NAME

Lingua::Diversity::Utils - utility subroutines for users of classes derived from Lingua::Diversity

VERSION

This documentation refers to Lingua::Diversity::Utils version 0.02.

SYNOPSIS

use Lingua::Diversity::Utils qw( split_text split_tagged_text );

my $text = 'of the people, by the people, for the people';

# Get a reference to an array of words...
my $word_array_ref = split_text(
    'text'      => \$text,
    'regexp'    => qr{[^a-zA-Z]+},
);

# Alternatively, tag the text using Lingua::TreeTagger...
use Lingua::TreeTagger;
my $tagger = Lingua::TreeTagger->new(
    'language' => 'english',
    'options'  => [ qw( -token -lemma -no-unknown ) ],
);
my $tagged_text = $tagger->tag_text( \$text );

# ... get a reference to an array of words...
$word_array_ref = Lingua::Diversity::Utils->split_tagged_text(
    'tagged_text'   => $tagged_text,
    'unit'          => 'original',
);

# ... or get a reference to an array of wordforms and an array of lemmas.
( $wordform_array_ref, $lemma_array_ref )= split_tagged_text(
    'tagged_text'   => $tagged_text,
    'unit'          => 'original',
    'category'      => 'lemma',
);

DESCRIPTION

This module provides utility subroutines intended to facilitate the use of a class derived from Lingua::Diversity.

SUBROUTINES

split_text()

Split a text into units (typically words), delete empty units, and return a reference to the array of units.

The subroutine requires one named parameter and may take up to two of them.

text (required)

A reference to the text to be split.

regexp

A reference to a regular expression describing unit delimiter sequences. Default is qr{\s+}.

split_tagged_text()

Given a Lingua::TreeTagger::TaggedText object, return a reference to the array of units (e.g. wordforms). Optionally, return a second reference to the array of categories (e.g. lemmas).

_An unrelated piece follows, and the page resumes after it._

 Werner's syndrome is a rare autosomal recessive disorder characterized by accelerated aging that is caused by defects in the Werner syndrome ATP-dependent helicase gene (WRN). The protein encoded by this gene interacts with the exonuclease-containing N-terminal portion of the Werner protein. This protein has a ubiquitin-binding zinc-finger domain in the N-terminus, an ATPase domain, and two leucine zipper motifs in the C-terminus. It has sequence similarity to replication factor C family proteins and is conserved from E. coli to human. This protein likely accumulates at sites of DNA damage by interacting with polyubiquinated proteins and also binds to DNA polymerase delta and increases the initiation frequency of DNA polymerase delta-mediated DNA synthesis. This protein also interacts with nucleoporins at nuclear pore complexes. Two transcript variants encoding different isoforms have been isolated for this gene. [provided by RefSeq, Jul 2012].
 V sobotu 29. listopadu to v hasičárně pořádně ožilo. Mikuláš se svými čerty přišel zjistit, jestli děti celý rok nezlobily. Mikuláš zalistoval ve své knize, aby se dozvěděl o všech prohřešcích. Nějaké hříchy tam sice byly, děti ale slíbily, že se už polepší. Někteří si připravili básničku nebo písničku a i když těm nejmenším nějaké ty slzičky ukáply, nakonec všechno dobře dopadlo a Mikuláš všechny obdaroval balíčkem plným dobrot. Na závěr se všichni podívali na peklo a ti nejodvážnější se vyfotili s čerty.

The subroutine requires two named parameters and may take up to three of them.

tagged_text (required)

The Lingua::TreeTagger::TaggedText object to be split.

unit (required)

The Lingua::TreeTagger::Token attribute (either 'original', 'lemma', or 'tag') that should be used to build the unit array. NB: make sure the requested attribute is available in the Lingua::TreeTagger::TaggedText object!

category

The Lingua::TreeTagger::Token attribute (either 'lemma' or 'tag') that should be used to build the category array. NB: make sure the requested attribute is available in the Lingua::TreeTagger::TaggedText object!

DIAGNOSTICS

Missing parameter 'text' in call to subroutine split_text()

This exception is raised when subroutine split_text() is called without a parameter named 'text' (whose value should be a reference to a string).

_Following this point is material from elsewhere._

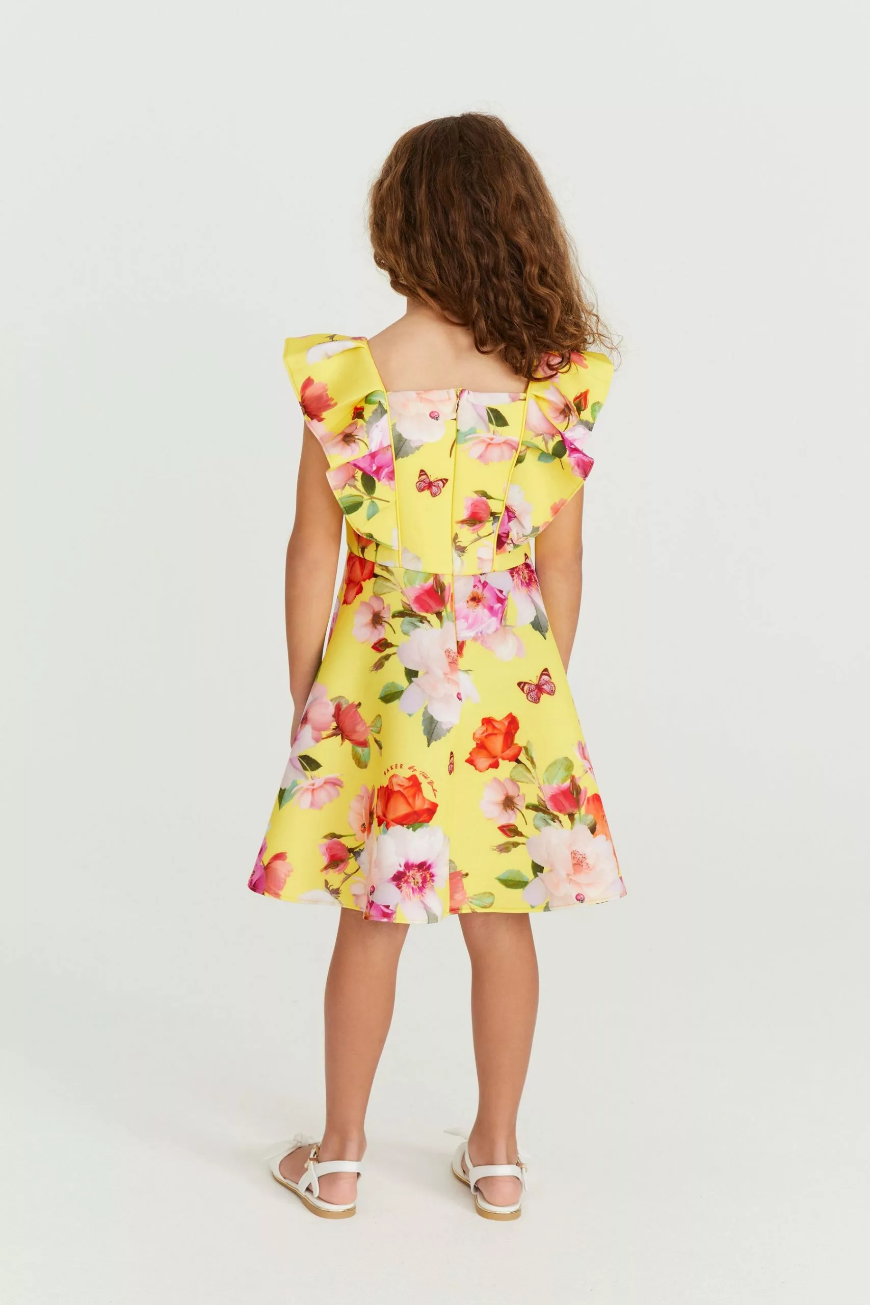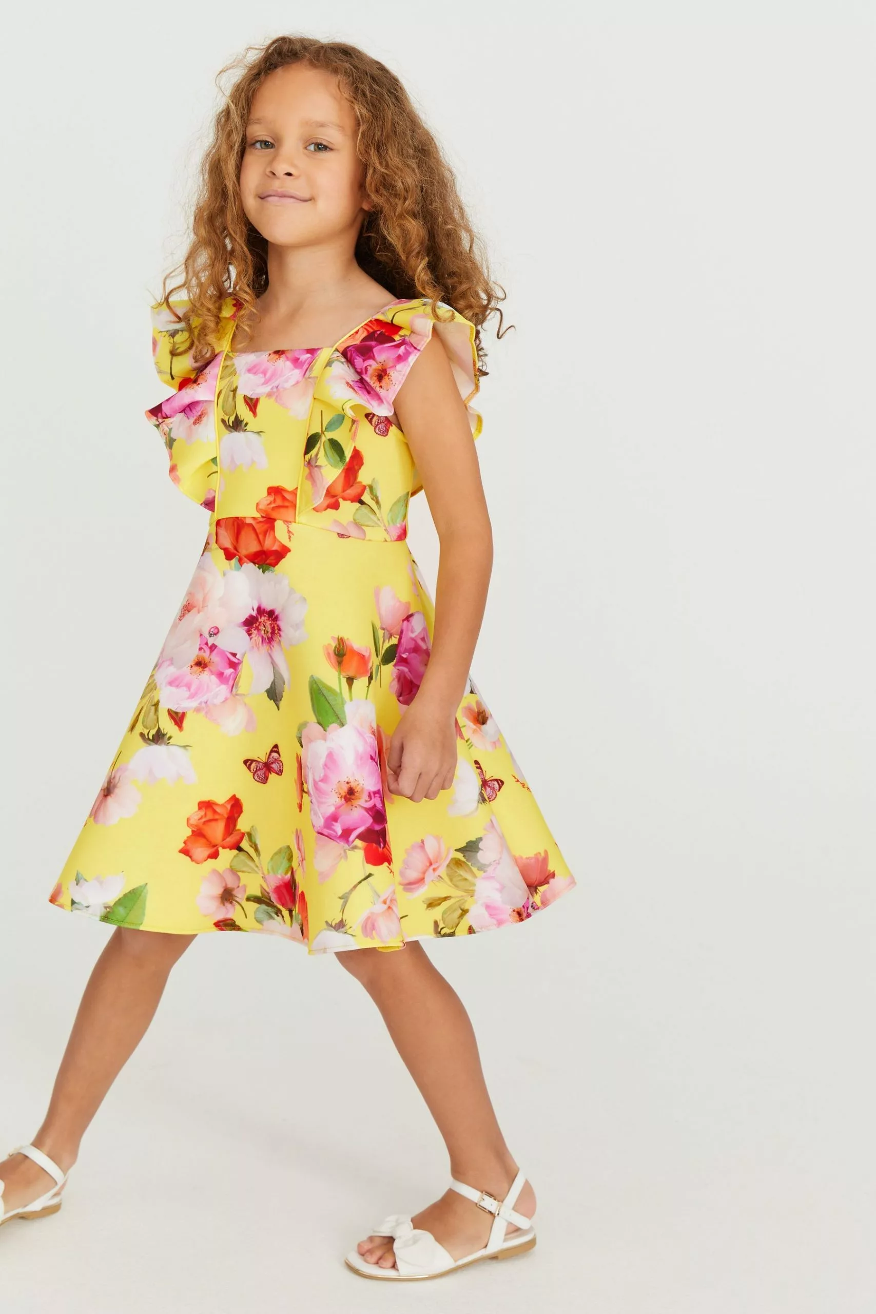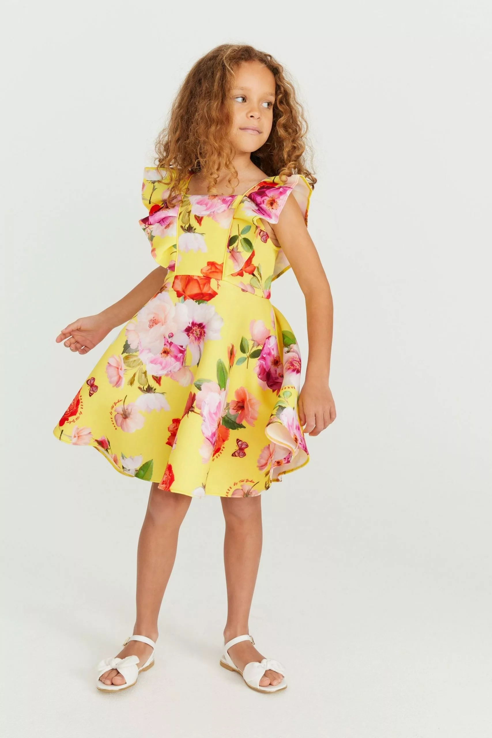 Inject some serious colour and style into her wardrobe this season with this beautiful dress from Baker by Ted Baker. Boasting a charming and colourful floral print on a yellow backdrop, this scuba fabric dress also cuts a pretty silhouette with a full skirt and ruffle straps.

Missing parameter 'tagged_text' in call to subroutine split_tagged_text()

This exception is raised when subroutine split_tagged_text() is called without a parameter named 'tagged_text').

Parameter 'tagged_text' in call to subroutine split_tagged_text() must be a Lingua::TreeTagger::TaggedText object

This exception is raised when subroutine split_tagged_text() is called with a parameter named 'tagged_text' whose value is not a Lingua::TreeTagger::TaggedText object.

Missing parameter 'unit' in call to subroutine split_tagged_text()

This exception is raised when subroutine split_tagged_text() is called without a parameter named 'unit').

Parameter 'unit' in call to subroutine split_tagged_text() must be either 'original', 'lemma', or 'tag'

This exception is raised when subroutine split_tagged_text() is called with a parameter named 'unit' whose value is not 'original', 'lemma', or 'tag'.

Parameter 'category' in call to subroutine split_tagged_text() must be either 'lemma' or 'tag'

This exception is raised when subroutine split_tagged_text() is called with a parameter named 'category' whose value is not 'lemma' or 'tag'.

DEPENDENCIES

This module is part of the Lingua::Diversity distribution. Some subroutines are designed to operate on Lingua::TreeTagger::TaggedText objects.

BUGS AND LIMITATIONS

There are no known bugs in this module.

Please report problems to Aris Xanthos (aris.xanthos@unil.ch)

Patches are welcome.

AUTHOR

Aris Xanthos (aris.xanthos@unil.ch)

LICENSE AND COPYRIGHT

Copyright (c) 2011 Aris Xanthos (aris.xanthos@unil.ch).

This program is released under the GPL license (see http://www.gnu.org/licenses/gpl.html).

This program is distributed in the hope that it will be useful, but WITHOUT ANY WARRANTY; without even the implied warranty of MERCHANTABILITY or FITNESS FOR A PARTICULAR PURPOSE.

SEE ALSO

Lingua::Diversity, Lingua::TreeTagger.